Damascus, built in the land settled by Aram (a son of Shem), is the capitol Syria, north of Israel. Tradition has it that the founder was Uz, the son of Aram. Today, Damascus is the largest city of Syria, with an estimated population of more than 4 million people.
Damascus is mentioned in old Egyptian documents as a caravan center in southern Syria. During the Old Testament period, its geographical position made it very prosperous from the trade routes.
In the New testament era there was a large Jewish community living in Damascus, as well as a Christian community.
When first mentioned, the town was said to be to the right of Hobah, the terminus of Abraham's battle with the confederation of kings. If the tradition is true, Abraham's contemporary Job (perhaps the same as Peleg's nephew, Jobab), who was from the "land of Uz," could have lived near Damascus.
Apparently, in moving into the region, Abraham at one time picked up a servant, the caretaker of his household, by the name of Eliezer. It was probably this man that he sent back to his cousins in the region to find a wife for his son Isaac after Sarah's death.
David and Solomon
About a thousand years later, King David extended his control over the region when he defeated the king of Zobar, an independent nation in the time of the united kingdom years. At that time, 22,000 Syrians were killed in battle.
In the days of Solomon, though, the Syrians revolted, re-establishing control over Damascus, helping to establish the Aram-Damascus kingdom. The city and the region would be destroyed by the Assyrians in 732 BC as they expanded all the way to the walls of Jerusalem. After the Assyrians, Damascus was taken over by the Chaldeans, then the Persians, then the Greeks. This city indeed had many masters over time, with the Romans under Pompey taking possession in 64 BC. It was a part of the Decapolis, in the province of Syria, where it had autonomy.

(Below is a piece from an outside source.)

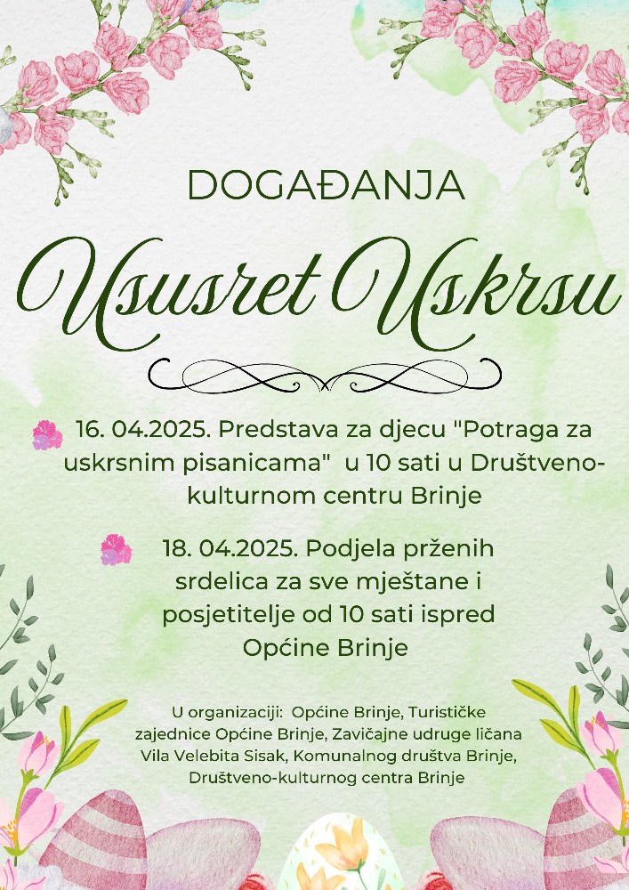 Općina Brinje i Turistička zajednica Općine Brinje pozivaju sve posjetitelje i mještane da nam se pridruže u jednom od najljepših razdoblja godine. Za naše najmlađe pripremili smo 16.04.2025. prekrasnu uskrsnu predstavu u Društveno-kulturni centar u Općini Brinje, a dana 18.04.2025. organizirali smo podjelu prženih srdelica ispred Općine Brinje.

It was was there, about a century later, that the Pharisee henchman Saul (later called Paul) was headed with orders to persecute believers. Stopped by Jesus Himself in a blaze from heaven that blinded him, Saul was helped into Damascus to wait three days before a believer named Ananais to whom had been given instructions on how to follow Jesus rather than fight against Him and His cause. Damascus was the city in which Paul began his work as a great evangelist, teaching people in Asia, Africa and Europe about Jesus.